Rather, a gap exists between Dr. Dollinger's premises that any dose has the potential to cause cancer (the linear no-threshold model) and that the cancer is independent of the dose (the stochastic model) and his causation conclusion. Though the severity of cancer, once it exists, is independent of dose, the risk of cancer development is dose-dependent, a fact that Dr. Dollinger recognizes. Thus, if a person develops cancer, then a high-dose radiation exposure would carry a higher risk, and there would be a greater likelihood that a high dose contributed to a person's cancer than a low dose. With all due respect to Dr. Dollinger, if a person who smokes has a 30% chance of developing lung cancer, the fact that that person did develop cancer does not change that risk to 100%, and it cannot be said, based on the existence of cancer alone, that the lung cancer was caused by the smoking. All that can be said is that smoking may have been a cause, and other evidence is needed to determine whether, more likely than not, it actually was. Similarly, exposure to ionizing radiation has the potential to cause cancer, or, in other words, is a risk factor for cancer, but the fact that one develops cancer after exposure to ionizing radiation does not, without more, establish that the radiation exposure was a cause of the cancer. Dr. Dollinger repeatedly testified that dose did not matter, and that any exposure above background (apparently no matter how small⁴² or remote)⁴³ was a substantial contributing factor, despite acknowledging that the lower the dose, the lower the risk. In the case of a plaintiff with lung cancer who was exposed to 1 mrem of radiation above background (which Dr. Dollinger testified would be a substantial contributing factor) and who also smoked heavily, Daubert and Havner would require more of an expert witness than simply saying that the 1 mrem of radiation was a substantial contributing factor because most smokers do not get lung cancer, given that we are all exposed to radiation daily, yet most people do not get cancer.

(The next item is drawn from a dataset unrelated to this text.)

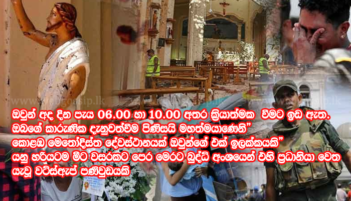 ”ගරු කටයුතු මහත්මයාණෙනි, සුබ උදෑසනක්. ඔවුන් අද දින පැය 06.00 හා 10.00 අතර ක්රියාත්මක වීමට ඉඩ ඇත. ඔබගේ කාරුණික දැනුවත්වීම පිණිසයි මහත්මයාණෙනි” කොළඹ මෙතෝදිස්ත දේවස්ථානයක් ඔවුන්ගේ එක් ඉලක්කයකි” යනු හරියටම මීට වසරකට පෙර මෙරට බුද්ධි අංශයෙන් එහි ප්රධානියා වෙත යැවූ වට්ස්ඇප් පණිවුඩයකි.

42 Dr. Dollinger testified that even 1 mrem above background would be a substantial contributing factor.

43 When he was asked by counsel if one cigarette smoked by him at age 16 could cause cancer, Dr. Dollinger testified, "[T]hat one cigarette may have contained Polonium 210 which I think it did because that's what's in cigarette smoke, and that Polonium 210 radiation may have been the radiation that made a mutation in one of the lung cells. Assuming you got lung cancer — I hope to God that does not happen, but assuming it could have, that would be the result of a single moment in time when a mutation — and whatever cigarette you were smoking at that moment that introduced either the Polonium or the benzpyrene or whatever other carcinogen, at that moment the cancer mutation occurred, and it was that cigarette that caused the mutation even though you may have smoked many or not so many cigarettes." Dollinger 2002 Deposition at 333-34.

A basic assumption of Dr. Dollinger's reports is that the Plaintiffs were exposed to ionizing radiation above background levels due to the uranium contamination, but other than that aspect of dose, the magnitude of the dose does not factor into his methodology. The Fifth Circuit has repeatedly recognized that "[s]cientific knowledge of the harmful level of exposure to a chemical, plus knowledge that the plaintiff was exposed to such quantities, are minimal facts necessary to sustain the plaintiffs' burden in a toxic tort case." Curtis v. M S Petroleum, Inc., 174 F.3d 661, 670 (5^th Cir. 1999) (quoting Allen, 102 F.3d at 199). Further, if an expert's "causation opinion was not based on sufficient information of the level of [the agent] to which Plaintiffs were exposed, his methodology would not be reliable, rendering his causation opinion inadmissible." Curtis, 174 F.3d at 671; see also Moore v. Ashland Chem., 151 F.3d 269, 278 n. 10 (5^th Cir. 1998) ("Given the paucity of facts Dr. Jenkins had available about the level of Moore's exposure to the Toluene solution, his causation opinion would have been suspect even if he had scientific support for the position that the Toluene solution could cause RADS in a worker exposed to some minor level of the solution.").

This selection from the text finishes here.